Abstract: As a solar energy storage medium or heat transfer medium at moderate-high temperature, the molten NaCl-MgCl2 has the advantages of high stability and low cost. But a pipe and container material with Cr will be corroded badly in a molten chloride. Based on the founded corrosion resistance phase (Fe0.64Ni0.36) in previous experiments, the corrosion behavior of a new alloy of Fe-37 wt% Ni with rare earth alloy element Sc in the molten eutectic NaCl-MgCl2 at 520 ℃ was studied. The corrosion rate of the Fe-37 wt% Ni alloy is lower than that of the researched Fe-based superalloys (GH1035 and GH1140). After corrosion for 15 h, a porous structure with Ni-rich and Fe-depletion is formed at the local location on the Fe-37 wt% Ni surface. For the specimens with Sc (0.3 and 0.5 wt %), a compact protective MgO layer covers on the porous structure, which prevents further corrosion in the molten salt.
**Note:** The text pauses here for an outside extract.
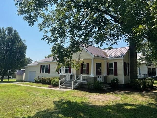 Classic bungalow-style home situated in the heart of Norlina. Nice level corner lot with shaded side yard and covered porch and rear deck to enjoy the outdoors. The 1 car-attached garage makes this home unique and is a really nice bonus. Vinyl siding and metal roof so very low maintenance exterior. The house has been nicely repaired and has lovely wood floors with unique patterns. The living room is a very good size with a fireplace. Double doors to the dining room with access to the deck. The kitchen has nice cabinet and counter space plus new appliances. The bedrooms are all very good size as well. Don't miss this chance at an affordable home in move-in condition. Call Today!!!

It is speculated that the Sc is oxidized to Sc2O3 directly or by the chlorination-oxidation reactions, which improves the adhesion strength between the MgO layer and the alloy matrix by the effects of inhomogeneous nucleation and pinning. Key words: Molten salt corrosion, Chloride salt, Scandium, Fe-Ni alloy

1. Introduction Concentrating solar power (CSP) is an important clean and renewable energy technology. In order to prolong the equipment running time after sunset and improve the efficiency of lightthermal-electric conversion, the method of phase change thermal energy storage by molten salt at moderate-high temperature is study spot now [1-2]. Molten chloride is concerned for many advantages, such as high stability and thermal energy storage density, low cost and so on [3-5]. The Oak Ridge National Laboratory [6] has chosen a molten chloride as a candidate heat transfer

* Corresponding author. Engineering Research Center of High Performance Light Metal Alloys and Forming, Department of Mechanical Engineering, Qinghai University, Xining 810016, PR China; E-mail address: [email protected] (H.G. Jia).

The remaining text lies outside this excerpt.